第二十九章 :急行军(2/2)
康儒欲至庐州,有陆、水两路可选。他輜重颇厚,郭行琮推测其走水路的可能更大,毕竟船运省力又稳妥,且宣城至芜湖的青弋江本是成熟水道。
若康儒早料到田頵可能截杀而改走陆路,这种可能性並不大,毕竟若是他真能想到这一层,也不会带这么多輜重了。
郭行琮判断,康儒多半从宣城到芜湖,再经濡须水北上巢湖,最后陆行抵达庐州。而钱传瓘一行,必须在康儒进入庐州地界前,於水陆要衝濡须口截住他。
连续急行军三日,钱传瓘並不好受。这具身体生来富贵,吃过最大的苦头便是习武,如此恶劣的行军环境真是头一遭。
但正所谓思想不滑坡,办法总比困难多。在强大的恢復力、心理適应力以及高效的学习能力作用下,他不仅逐渐习惯了这样的行军方式,甚至已和牙兵们打成一片。
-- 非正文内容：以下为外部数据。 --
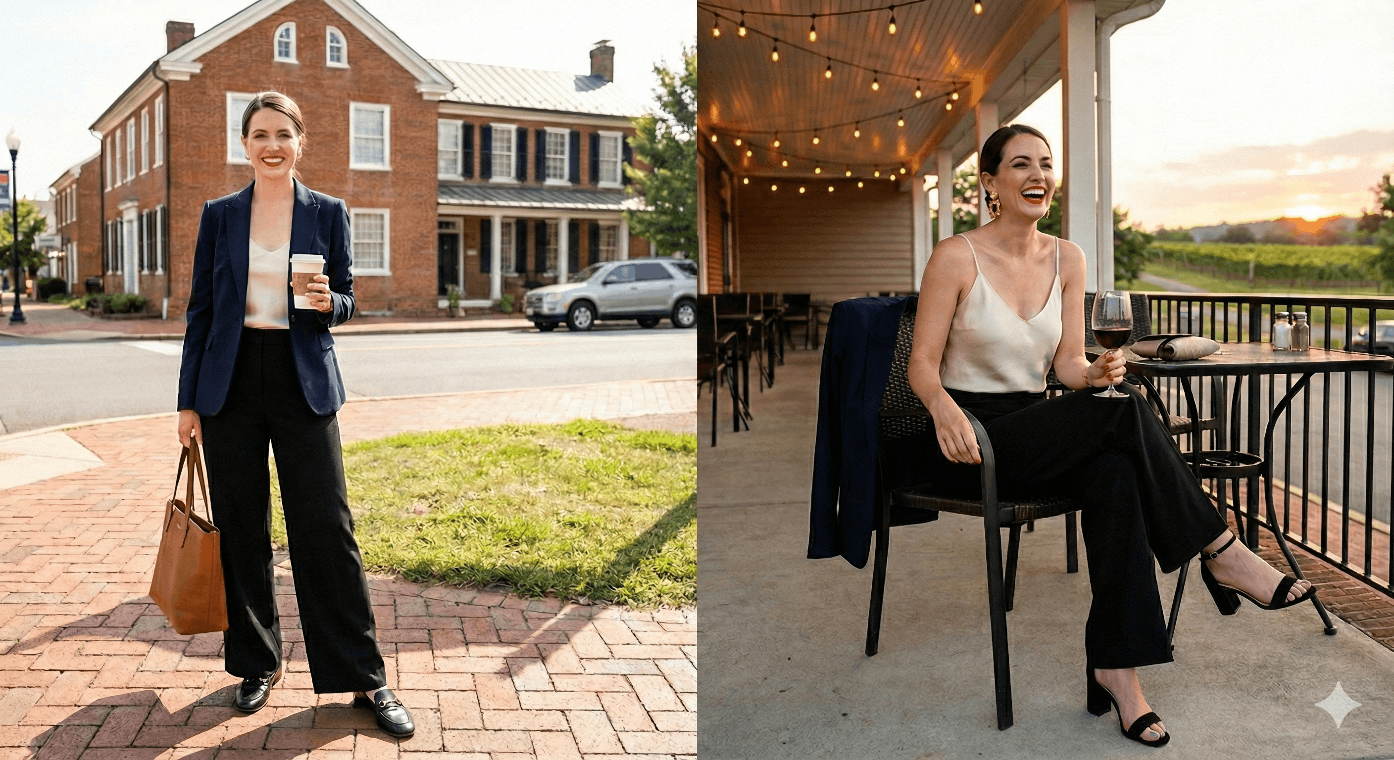 When planning a day-to-night look for a day in Culpeper, I encourage you to think in terms of subtraction rather than addition. It is always easier to remove a layer or swap an accessory than it is to build a new look from scratch.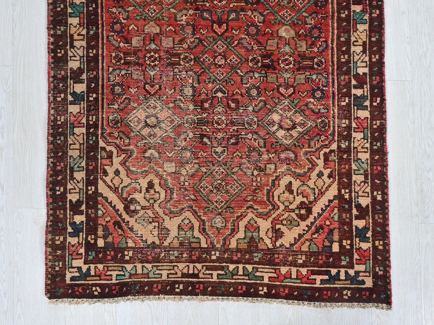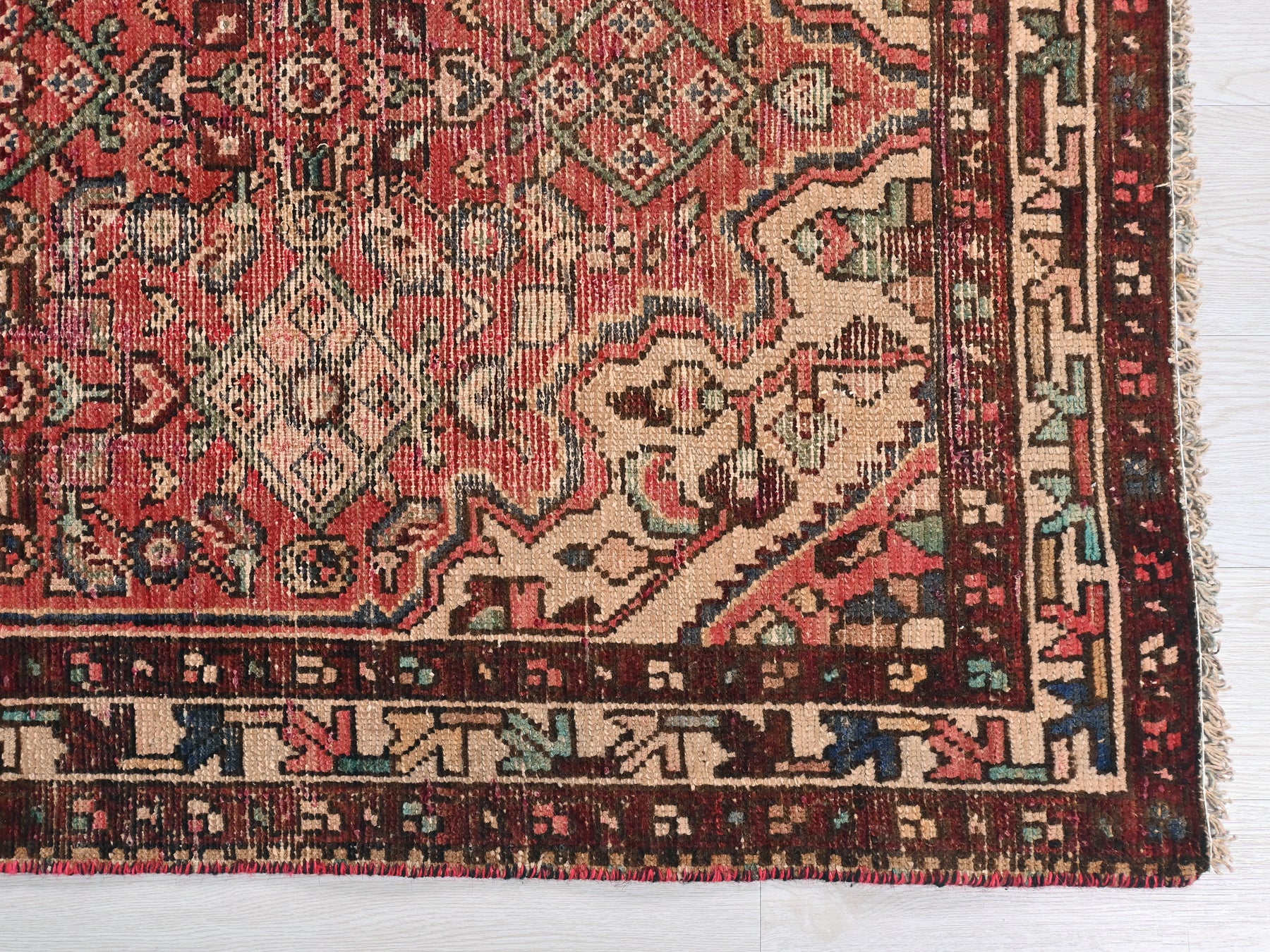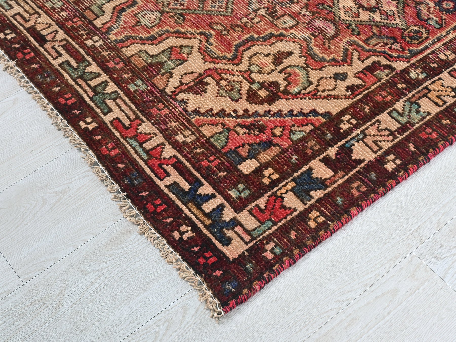 This is a hand-knotted, one-of-a-kind vintage rug. Due to the nature of this piece, there may be slight imperfections in its wear, shape, dimensions, and color. All of our rugs are professionally cleaned and repaired.

钱传瓘相貌俊美,却属俊朗一型,並不阴柔。加上这几日急行军中所表现的韧性,牙兵们对他的態度也逐渐友善起来。中途休整时,他与郭行琮先前安排的几名十將也越发亲近。
都不是傻子。无论从节帅的態度,还是指挥使的举止,都不难看出这位俊美得与他们不在一个图层上的小郎君,迟早要成为大人物。此时不搞好关係,更待何时?
若真是个討厌的也就罢了,可人家长得俊,说话亲切討喜,一口一个“老哥”,谁又討厌得起来?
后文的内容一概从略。